• [Supplied records]
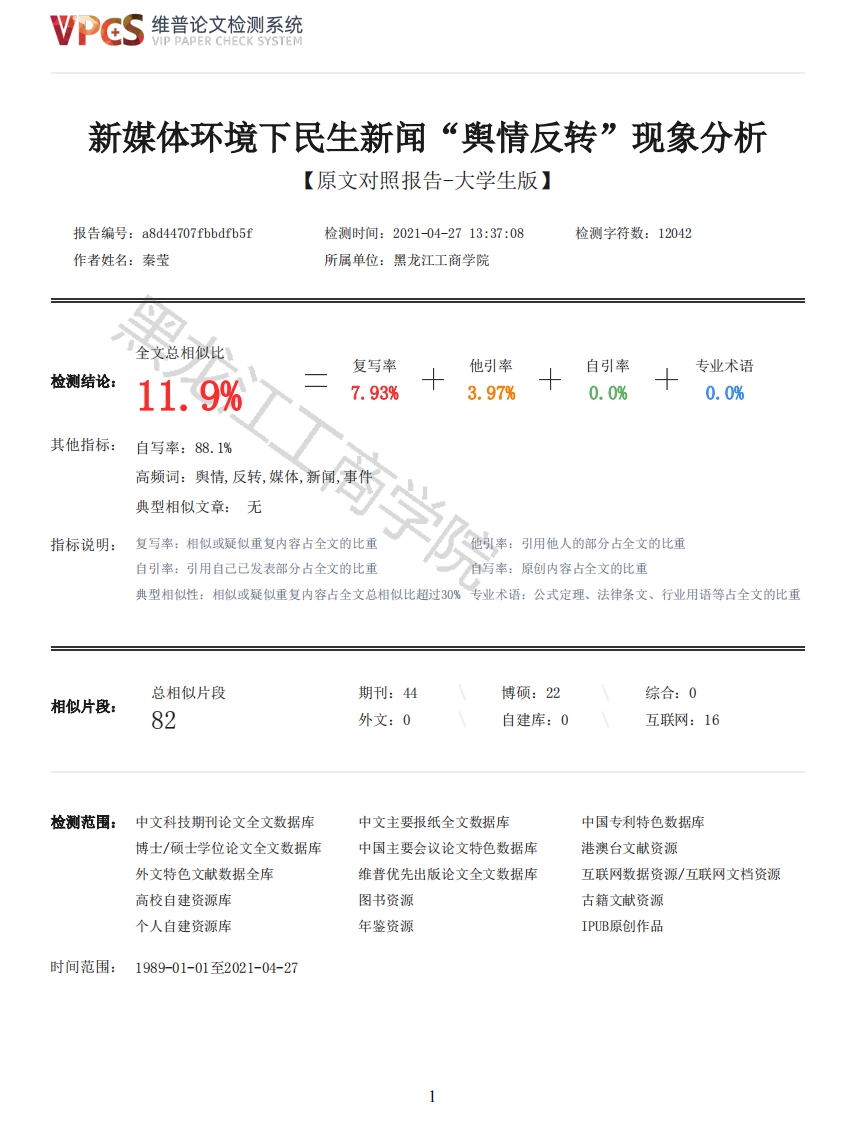维普论文检测系统VIP PAPER CHECK SYSTEM新媒体环境下民生新闻“舆情反转”现象分析【原文对照报告-大学生版】报告编号:a8d44707 fbbdfb5f检测时间:2021-04-2713:37:08检测字符数:12042作者姓名:秦莹所属单位:黑龙江工商学院全文总相似比复写率他引率自引率专业术语检测结论:11.9%7.93%3.97%0.0%0.0%其他指标:自写率:88.1%高频词:舆情,反转,媒体,新闻,事件典型相似文章:无指标说明:复写率:相似或疑似重复内容占全文的比重他引率:引用他人的部分占全文的比重自引率:引用自己已发表部分占全文的比重自写率:原创内容占全文的比重典型相似性:相似或疑似重复内容占全文总相似比超过30%专业术语:公式定理、法律条文、行业用语等占全文的比重总相似片段期刊:44博硕:22综合:0相似片段:82外文:0自建库:0互联网:16检测范围:中文科技期刊论文全文数据库中文主要报纸全文数据库中国专利特色数据库博士/硕士学位论文全文数据库中国主要会议论文特色数据库港澳台文献资源外文特色文献数据全库维普优先出版论文全文数据库互联网数据资源/互联网文档资源高校自建资源库图书资源古籍文献资源个人自建资源库年鉴资源IPUB原创作品时间范围:1989-01-01至2021-04-27维普论文检测系统VIP PAPER CHECK SYSTEM原文对照颜色标注说明:■自写片段■复写片段(相似或疑似重复)引用片段(引用)■专业术语(公式定理、法律条文、行业用语等)黑龙江工商学院本科毕业论文新媒体环境下民生新闻“舆情反转”现象分学生姓名:秦莹学生学号:201761031指导教师:吕育泽所在年级:2017级所在专业:播音与主持艺术所在系别:艺术与传媒系商学院2021年月日摘要近年来,随着网络的发展,网络媒体平台技术的革新,传统信息传播模式发生了改变。新媒体时代的到来,使网络媒体成为了人们又一主要的新闻来源。而热点新闻反转事件却频频发生,伴随而来的公众舆情反转现象也愈演愈烈。因此“后真相”便成为一些不良媒介“博眼球”现象的真实写照,在新闻事件传播过程中传统媒体开始融合新媒体平台传播优势、受众群体地位也从旁观者转变为参与者。即使当初已被媒体机构定论的新闻报道,也会在后续报道中有被完全逆转的可能,这在一定程度上增加了舆情反转的现象发生,更凸显出了媒体舆论引导的重要性。本文将会以新闻类型中最贴近公众的民生新闻为主要研究内容,从起源、发展、现状及传播模式几个方面深入剖析在新媒体背景下民生新闻中大量的舆情反转事件带来的社会影响,为推动良好舆情环境建设作出贡献。关键词:舆情反转:新媒体:民生新闻AbstractIn recent years,with the development of network and the innovation of Network media platformtechnology,the traditional mode of information dissemination has changed.The advent of the newmedia era,the network media has become another major source of news.But the hot news reversalevent frequently occurs,the accompanying public opinion reversal phenomenon also intensifies day byday.Therefore,the "post-truth"has become the true portrayal of the "eye-catching"phenomenon insome undesirable media,in the process of news event communication,the traditional media begins tointegrate the advantages of new media platform,and the status of audience group changes fromspectator to participant.Even if the original media organizations have been determined by the newsreports,there will be a complete reversal in the follow-up reports,which to a certain extentincreased the phenomenon of reversal of public opinion,highlighting the importance of media opinionguidance.This paper will focus on the people's livelihood news which is the most close to thepublic in the news type,from the origin,development,present situation and communication mode,2维普论文检测系统VIP PAPER CHECK SYSTEMthis paper analyzes the social impact of the mass public opinion reversal events in the news ofpeople's livelihood under the background of new media,and makes contributions to the constructionof good public opinion environment.Key words:Reversal of public opinion:New Media;people's Livelihood News目录摘要IAbstractII一、前言1(一)研究的背景、意义及目的1(二)国内外研究文献综述2(三)研究的主要内容2二、新媒体环境下民生新闻“舆情反转”概述4(二)“舆情反转”特点4三、新媒体环境下民生新闻“舆情反转”发展过程及现状6(一)“奥情反转”起源6(二)“舆情反转”发展6(三)“舆情反转”现状7四、新媒体环境下民生新闻“舆情反转”传播模式9(一)“舆情反转”传播要素9(二)“舆情反转”传播过程9(三)“舆情反转”传播平台10五、新媒体环境下民生新闻“舆情反转”影响与改进意见12(一)“奥情反转”现象的社会影响12(二)针对“舆情反转”现象的改进意见12六、结论14参考文献15一、前言(一)研究的背景、意义及目的1、研究背景本文主要研究的对象是新媒体背景下民生新闻的奥情反转现象,随着新媒体时代的到来,传统媒体话语权垄断地位日渐削弱,普通公众通过网络获得了部分话语权。而对于这些公共事件的观点所产生的舆论,在一定程度上也影响了整件事情的奥情走向,甚至影响到公共事件的本身。在整理相关文献时发现,“舆情反转”现象的研究是从2010年开始的,随之出现了“舆情反转”的相关词条。而在接下来的三年时间里,“奥情反转”的相关研究出现了断层,直到2014年研究才再次回温。近两年来,奥情反转现象层出不穷,2018年“重庆公交车坠江案”,媒体为追求新闻的时效性没有进行深入调查,便
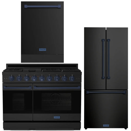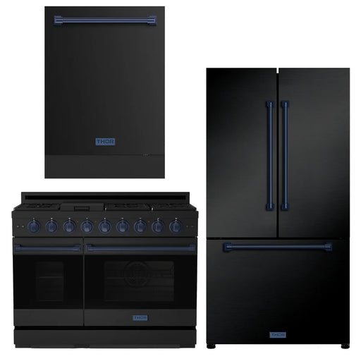 Gordon Ramsay by THOR Kitchen Package - 48" Gas Range, 36" Refrigerator with Ice Maker and Dishwasher in Black Matte with Navy Blue Accents, AP-RSG48EB-BLU-2
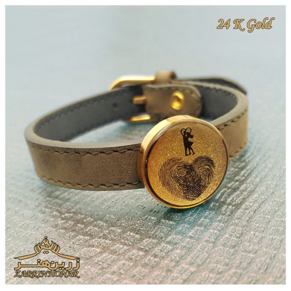 دستبند چرم اثر عشق با طراحی عاشقانه، استفاده از چرم باکیفیت و طلای ۲۴ عیار در پلاک مرکزی، گزینهای بینظیر برای هدیه به معشوق در روز ولنتاین است.
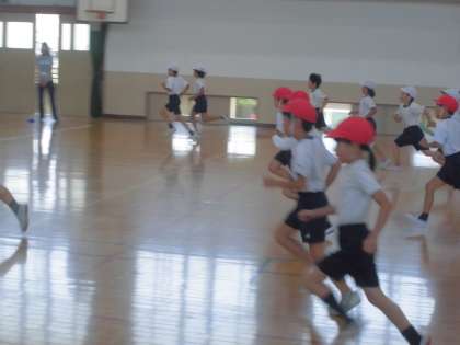 学年で体力テストのシャトルランを行いました。
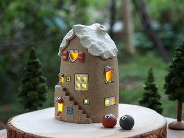 【燈屋 Lighted House】陶手作-可愛的家/Ceramic Lighted House(不含木頭配件跟手工樹,貓頭鷹)純手工製作, 純天然陶土色澤, 質樸可愛....尺寸: 約 長 11cm x 寬8 cm x 高 12 cm (因為手工和燒窯收縮, 尺寸每個略有誤差)作品會附一條活動式的安規電線+燈泡, 從後方裝入.不裝燈時, 亦可由後方放入燭臺 或是 薰香..多用途使用, 不管點燈 或是 純裝飾 都好看.House included a movable power code + bulb, insert from backside,also can be candle holder or incense stand, multi-function.小房子裝可愛為個人工作室,未達開立發票標準,且無營利事業登記證明,無法開立發票,若有需要,小房子裝可愛可以提供簡易的收據,造成不便,敬請見諒.產地/製造方式Made in Taiwan/Handmade Pottery ,手作陶藝,高溫燒製
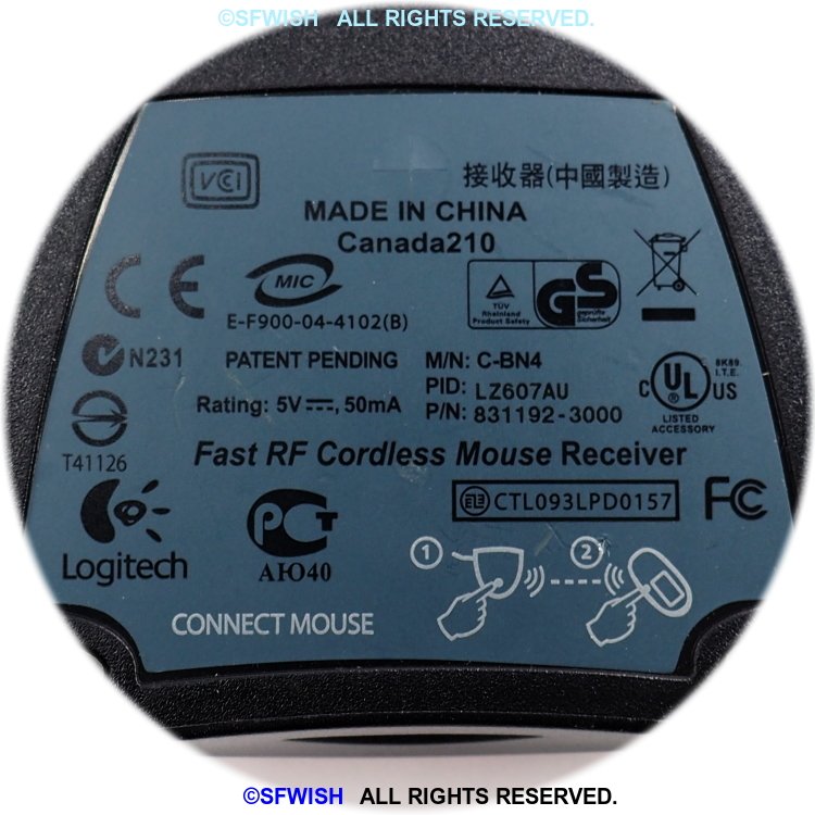 This listing is for USED logitech C-BN4 USB RF Mouse Receiver. This USB receiver is in an excellent condition and works great! Looks clean. Sorry no manual, mouse or original box/packaging. Comes as shown.

• [Exercise brief]
Beginning with the line that holds "Taiwan/Handmade Pottery ,手作陶藝,高溫燒製" and continuing to the end of the entries above, set down each line exactly, both ends included; include no pictures.

• [Answer for this exercise]
 【燈屋 Lighted House】陶手作-可愛的家/Ceramic Lighted House(不含木頭配件跟手工樹,貓頭鷹)純手工製作, 純天然陶土色澤, 質樸可愛....尺寸: 約 長 11cm x 寬8 cm x 高 12 cm (因為手工和燒窯收縮, 尺寸每個略有誤差)作品會附一條活動式的安規電線+燈泡, 從後方裝入.不裝燈時, 亦可由後方放入燭臺 或是 薰香..多用途使用, 不管點燈 或是 純裝飾 都好看.House included a movable power code + bulb, insert from backside,also can be candle holder or incense stand, multi-function.小房子裝可愛為個人工作室,未達開立發票標準,且無營利事業登記證明,無法開立發票,若有需要,小房子裝可愛可以提供簡易的收據,造成不便,敬請見諒.產地/製造方式Made in Taiwan/Handmade Pottery ,手作陶藝,高溫燒製
 This listing is for USED logitech C-BN4 USB RF Mouse Receiver. This USB receiver is in an excellent condition and works great! Looks clean. Sorry no manual, mouse or original box/packaging. Comes as shown.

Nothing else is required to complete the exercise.